### WORK ORDER
When a picture appears in the listing, leave it out and copy the rest exactly as it stands.

### PROVIDED MATERIAL
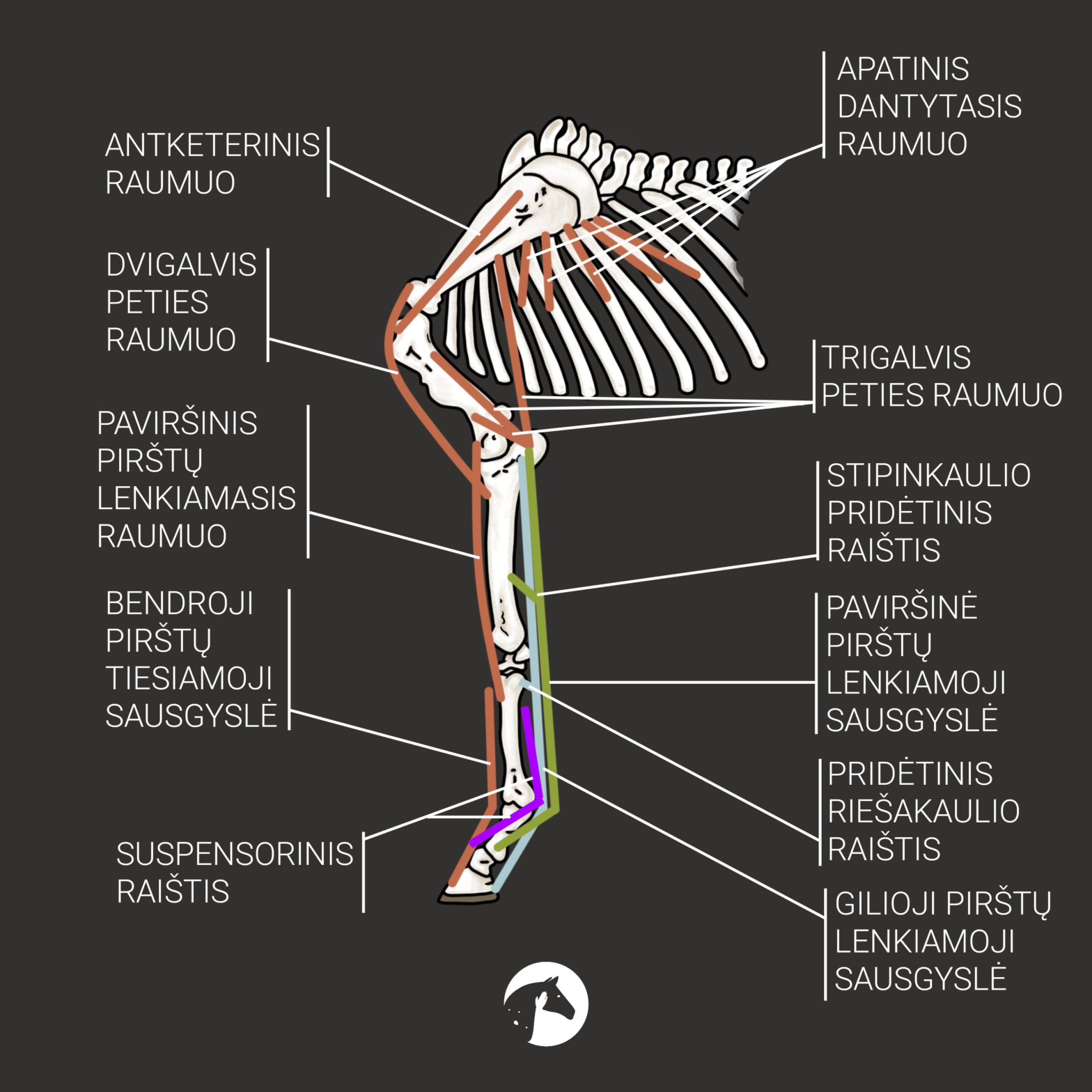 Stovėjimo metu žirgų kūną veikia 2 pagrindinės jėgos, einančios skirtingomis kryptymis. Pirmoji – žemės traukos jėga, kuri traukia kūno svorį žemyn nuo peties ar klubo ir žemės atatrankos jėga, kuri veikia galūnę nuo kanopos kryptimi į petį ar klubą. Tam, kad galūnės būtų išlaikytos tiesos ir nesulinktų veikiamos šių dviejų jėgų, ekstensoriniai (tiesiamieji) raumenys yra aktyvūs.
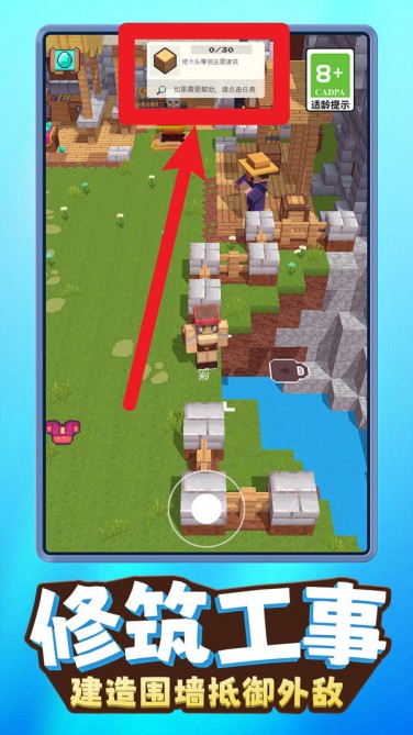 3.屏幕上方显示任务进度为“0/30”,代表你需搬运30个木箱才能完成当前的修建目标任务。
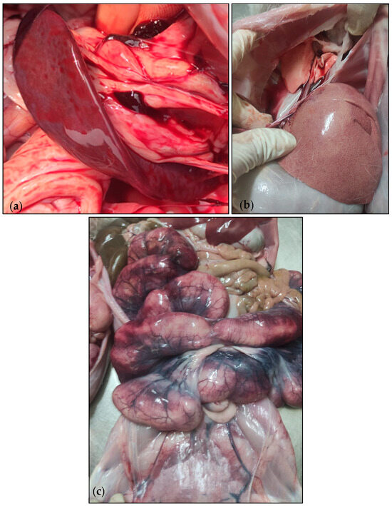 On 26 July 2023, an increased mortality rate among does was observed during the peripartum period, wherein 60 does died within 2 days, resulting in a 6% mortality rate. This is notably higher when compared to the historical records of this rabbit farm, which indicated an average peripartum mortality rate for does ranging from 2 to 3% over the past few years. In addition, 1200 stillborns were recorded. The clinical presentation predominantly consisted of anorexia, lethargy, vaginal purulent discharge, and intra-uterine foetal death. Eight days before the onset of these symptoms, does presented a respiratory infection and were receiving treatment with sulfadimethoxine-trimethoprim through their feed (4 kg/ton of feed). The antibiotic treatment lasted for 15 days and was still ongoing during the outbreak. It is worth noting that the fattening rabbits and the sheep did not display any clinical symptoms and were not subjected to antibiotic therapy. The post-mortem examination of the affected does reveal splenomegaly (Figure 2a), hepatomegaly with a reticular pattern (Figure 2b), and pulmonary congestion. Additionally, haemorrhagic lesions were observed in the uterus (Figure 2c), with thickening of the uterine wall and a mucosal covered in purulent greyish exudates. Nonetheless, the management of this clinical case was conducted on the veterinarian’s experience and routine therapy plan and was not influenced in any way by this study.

### ANSWER BELOW
 Stovėjimo metu žirgų kūną veikia 2 pagrindinės jėgos, einančios skirtingomis kryptymis. Pirmoji – žemės traukos jėga, kuri traukia kūno svorį žemyn nuo peties ar klubo ir žemės atatrankos jėga, kuri veikia galūnę nuo kanopos kryptimi į petį ar klubą. Tam, kad galūnės būtų išlaikytos tiesos ir nesulinktų veikiamos šių dviejų jėgų, ekstensoriniai (tiesiamieji) raumenys yra aktyvūs.
 3.屏幕上方显示任务进度为“0/30”,代表你需搬运30个木箱才能完成当前的修建目标任务。
 On 26 July 2023, an increased mortality rate among does was observed during the peripartum period, wherein 60 does died within 2 days, resulting in a 6% mortality rate. This is notably higher when compared to the historical records of this rabbit farm, which indicated an average peripartum mortality rate for does ranging from 2 to 3% over the past few years. In addition, 1200 stillborns were recorded. The clinical presentation predominantly consisted of anorexia, lethargy, vaginal purulent discharge, and intra-uterine foetal death. Eight days before the onset of these symptoms, does presented a respiratory infection and were receiving treatment with sulfadimethoxine-trimethoprim through their feed (4 kg/ton of feed). The antibiotic treatment lasted for 15 days and was still ongoing during the outbreak. It is worth noting that the fattening rabbits and the sheep did not display any clinical symptoms and were not subjected to antibiotic therapy. The post-mortem examination of the affected does reveal splenomegaly (Figure 2a), hepatomegaly with a reticular pattern (Figure 2b), and pulmonary congestion. Additionally, haemorrhagic lesions were observed in the uterus (Figure 2c), with thickening of the uterine wall and a mucosal covered in purulent greyish exudates. Nonetheless, the management of this clinical case was conducted on the veterinarian’s experience and routine therapy plan and was not influenced in any way by this study.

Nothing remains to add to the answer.